Everything from the line containing "其中,厦门银行股份有限公司海沧支行因对预算收入划分办理监督履行不到位,被警告。" through the last line of the listing below should be returned exactly, except for pictures.

==== Collected data

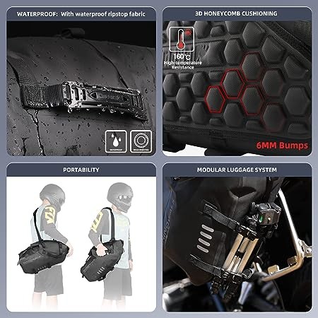 • Material impermeable y resistente al desgarro: esta bolsa impermeable para motocicleta está hecha de material de lona de PVC 500D. El PVC de alta densidad es resistente al polvo, al desgaste y fácil de limpiar. Como bolsa resistente al desgarro por su elemento de tela antidesgarros, puedes llevar muchos artículos.
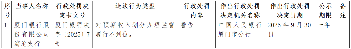 其中,厦门银行股份有限公司海沧支行因对预算收入划分办理监督履行不到位,被警告。
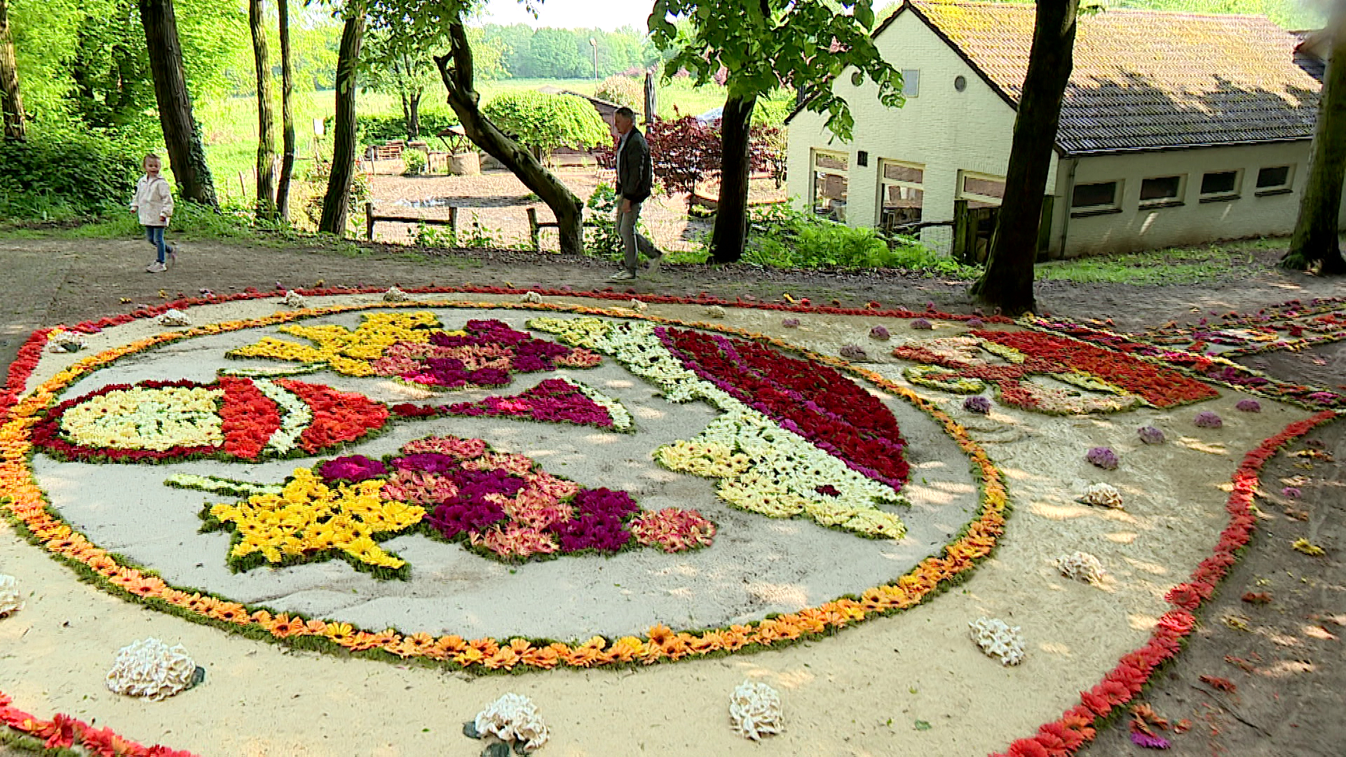 Óngerwaeg in Nunhem bij het leggen van een bloementapijt
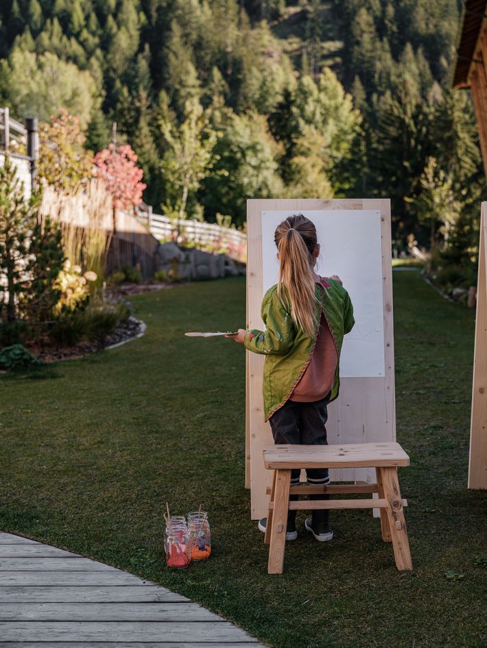 Ein einzigartiges, naturnahes Kinderprogramm rundet das Erlebnis ab. Dazu gibt es großzügige Rückzugsmöglichkeiten in freier Natur, Abkühlung in den Pools mit Bergblick und viele innige Momente im Kreis der Familie. Alle Wohnräume wurden speziell für Familien gestaltet und bieten einen Ort der Ruhe und Erholung. Feine Naturmaterialien und SPA-ähnliche Bäder sorgen für Wohlbefinden. Beim Lesen oder Spielen vor dem Kaminfeuer oder auf den großzügigen Terrassen mit Bergblick lassen sich die Erlebnisse des Tages Revue passieren.

========

Result ::
 其中,厦门银行股份有限公司海沧支行因对预算收入划分办理监督履行不到位,被警告。
 Óngerwaeg in Nunhem bij het leggen van een bloementapijt
 Ein einzigartiges, naturnahes Kinderprogramm rundet das Erlebnis ab. Dazu gibt es großzügige Rückzugsmöglichkeiten in freier Natur, Abkühlung in den Pools mit Bergblick und viele innige Momente im Kreis der Familie. Alle Wohnräume wurden speziell für Familien gestaltet und bieten einen Ort der Ruhe und Erholung. Feine Naturmaterialien und SPA-ähnliche Bäder sorgen für Wohlbefinden. Beim Lesen oder Spielen vor dem Kaminfeuer oder auf den großzügigen Terrassen mit Bergblick lassen sich die Erlebnisse des Tages Revue passieren.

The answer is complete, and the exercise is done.